Только когда Шабартян вскрикнул, я повернулся к нему. Увидел, как он упал за кресло, а в кабину ворвались двое молодых ребят. Потом узнал: это были Кахи Ивериели и Гия Табидзе. Ивериели подскочил ко мне и приставил к горлу револьвер. Табидзе сорвал с командира наушники и ткнул в висок ствол пистолета «ТТ». Лица, перекошенные злобой, мат, истошные вопли: "Самолет захвачен! Берите курс на Турцию! Иначе мы всех вас перестреляем!"
А. ГАРДАПХАДЗЕ:
— Бортинженер Анзор Чедия повернулся к ним и спросил: "Что вы хотите? " Договорить ему не дали, прозвучало несколько выстрелов, он упал, завис в кресле.
Когда они ворвались, я правой рукой нащупал свой пистолет в кармане, но вынуть его не мог. Так и держал руку в кармане.
У нас было три пистолета: у меня, у Габараева и у штурмана Гасояна. У каждого по обойме — 8 патронов.
Гасоян сидел внизу, при закрытых шторках, все слышал, но стрелять не мог: перед ним был бортинженер. Когда Чедия упал, сектор обстрела открылся…
В. ГАСОЯН:
— Вижу: надо действовать. Спасти положение могу я один. Достал пистолет, взвел курок и выстрелил в преступника, который держал под прицелом командира. Террорист упал. Другой головой по сторонам вертит, кричит: "Кто стрелял? Откуда?", но пистолет у виска Габараева держит.
Я тогда и в него два раза выстрелил. Как потом оказалось, ранил. Он закричал и выскочил из кабины. За это время командир успел выхватить свой пистолет.
А. ГАРДАПХАДЗЕ:
— Когда Табидзе упал, я развернулся в кресле и тоже начал стрелять. Ивериели выбежал за дверь и спрятался за холодильник. Началась перестрелка. Мы вдвоем с Гасояном стреляли, а у них, пожалуй, стволов пять было.
У нас патроны уже кончаются, и я думаю: "Надо закрыть дверь". Но как? В проходе лежит Шабартян, на нем Табидзе — то ли убитый, то ли раненый.
Говорю Гасояну: "Оттащи их от двери, я тебя прикрою." В это время Валя Крутикова очнулась, приподняла голову. Они ее тоже у дверей оглушили.

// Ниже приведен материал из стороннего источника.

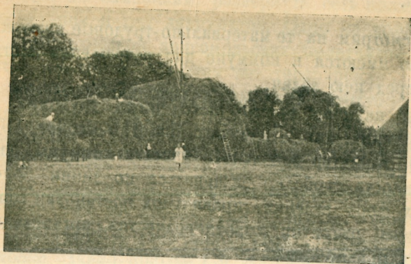
Укладка сена в скирды когтями.

Это еще ярче можно показать на характере с.-х. инвентаря коммуны. Обилие разнообразнейшего инвентаря (в коммуне есть отдельные с.-х. машины, весьма редкие для СССР, например: картофелевыкапыватель, сеноподаватель, навозоразбрасыватель), наличие 5 тракторов и локомобиля с достаточным прицепным с.-х. инвентарем выгодно выделяет коммуну в ряде селений и даже колхозов района.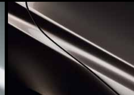
TITANIUM FLASH (42S)*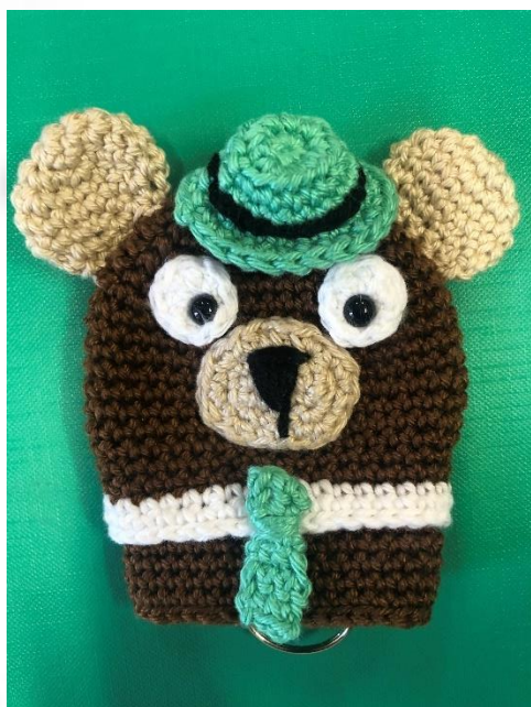
PORTACHIAVI- Offerta 10,00€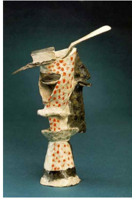
【도판 7】 파블로 피카소, 「암생트의 잔」, 1914.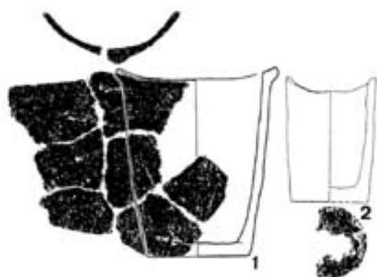
第4図 石板式土器の無文土器

迫 1993)。前迫の指摘によると、「典型的な石板式土器ともいえる古段階のもの多くは、外反する口縁部に2ないし4か所の頂部をもついわゆる山形口縁の形態を呈している。(中略)この石板式土器古段階を代表する山形口縁こそ瘤状突起の祖形ではないかと考えられる」と述べ、その初源について言及している。組み合わせという視点で石板式土器を見ると、石板式土器新段階においては、波頂部の肥厚を祖形とする瘤状突起の付くものと波頂部を有しない平口縁のものがセットとして存在している可能性も考えられるのである。また、石板式土器においてはしばしば無文土器も出土している。無文土器は、南九州貝殻文系土器においては筆者の知るところほとんど例が無く、石板式土器以前の段階では現在のところ見受けられない。石板式土器に関しての無文土器出土例(第4図)も決して多くはないが、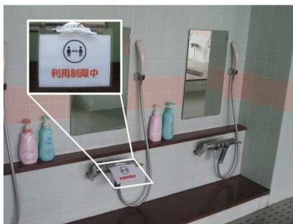
浴場 カラン数制限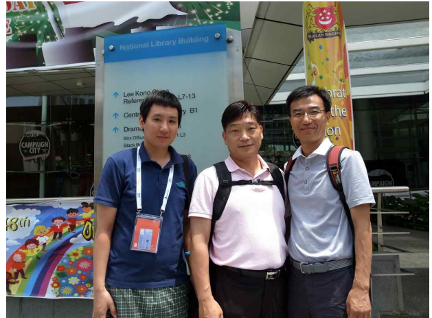
싱가포르 국립도서관 견학(8.17)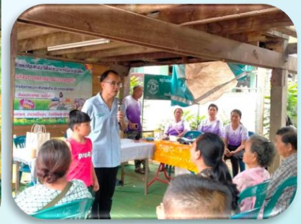
อุดหนุนหมู่บ้านตามโครงการพระราชดำริด้านสาธารณสุข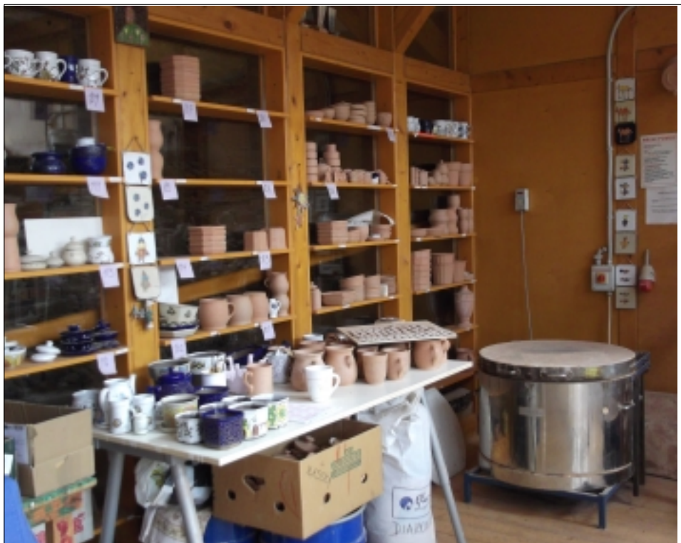
CHRÁNĚNÁ DÍLNA V SOBĚSLAVI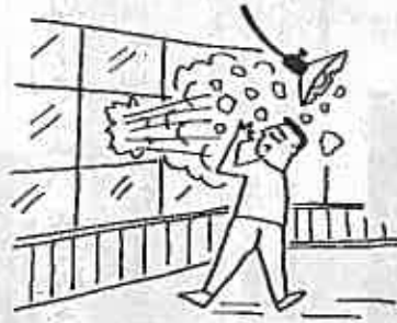
平均風速 25メートル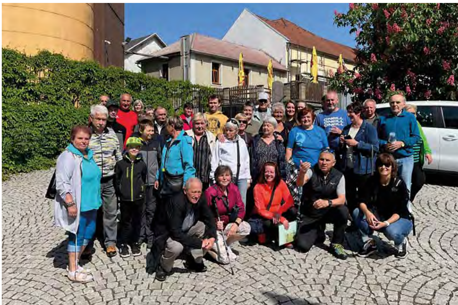
Společná fotografie účastníků zájezdu před pivovarem Svijany.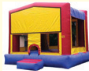
Moonwalk for kids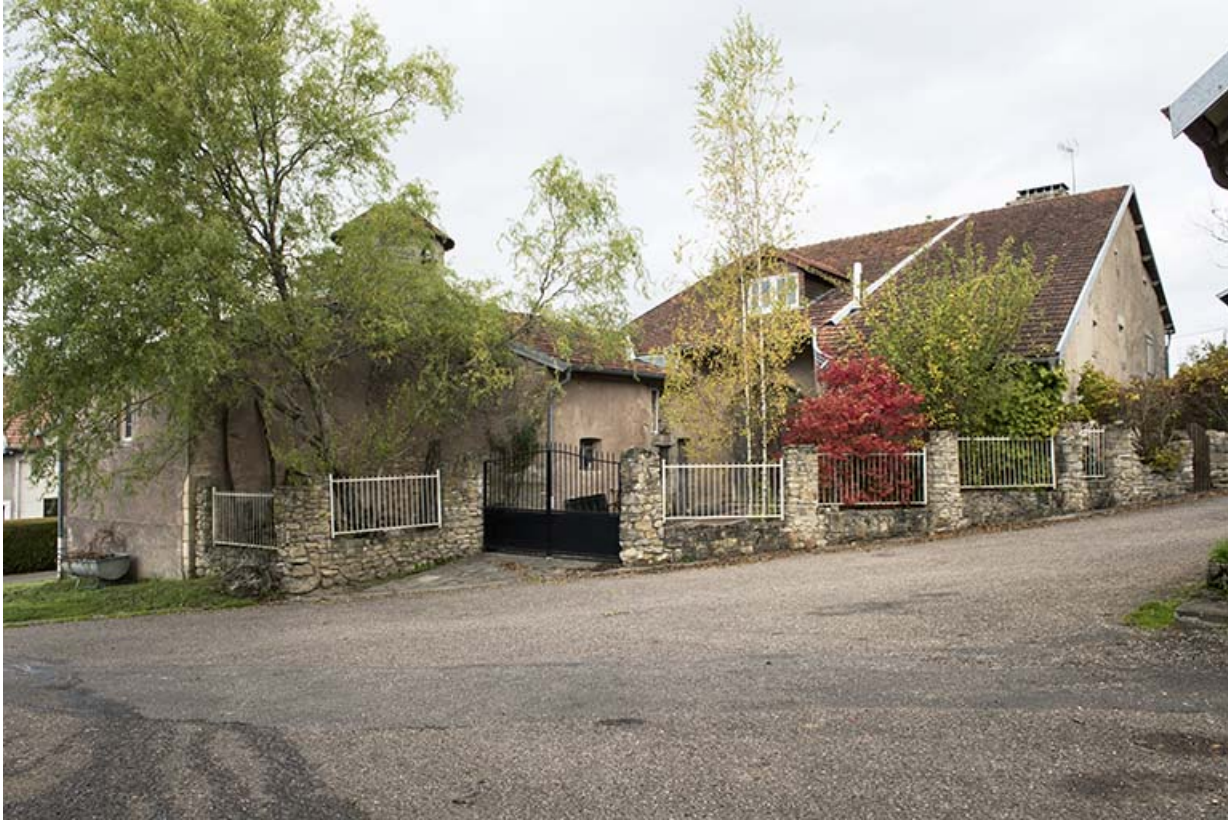
Maison avec tour d'escalier entre la rue de la poste et grande rue. Vue d'ensemble du sud-ouest. 70, Demangevelle

Гасоян говорит ей: "Валя, помоги их оттащить".
Крутикова полулежа, полусидя вцепилась в Табидзе и оттащила его к кухне. Шабартян был еще жив, попытался сам заползти в кабину, Гасоян помог ему.
Я продолжал стрелять, чтобы прикрыть их, а Габараев вел самолет.
С. ГАБАРАЕВ:
— Во время перестрелки я управлял самолетом. Ахматгер крикнул мне: "Переходи на ручное управление, создавай перегрузки!" Я так и сделал: резко бросал машину по курсу и по высоте, чтобы сбить с ног преступников.
Над Гори командир израсходовал последний патрон. У Гасояна патроны кончились еще раньше. Он взял мой пистолет и опять вел огонь. Мне показалось, что стрельба продолжалась вечность, а прошло, наверное, не больше пяти минут.
Валя захлопнула двери кабины, а сама осталась в салоне с бандитами.
В. ГАСОЯН:
— Шабартян пришел в себя, кричит: "Володя, посмотри, у меня глаз вытек или нет?" Глянул на него и содрогнулся: все лицо в крови, во лбу пулевое отверстие, в горле рана — из нее кровь так и хлещет. Я достал платок, прижал его к ране на горле. Платок сразу пропитался кровью.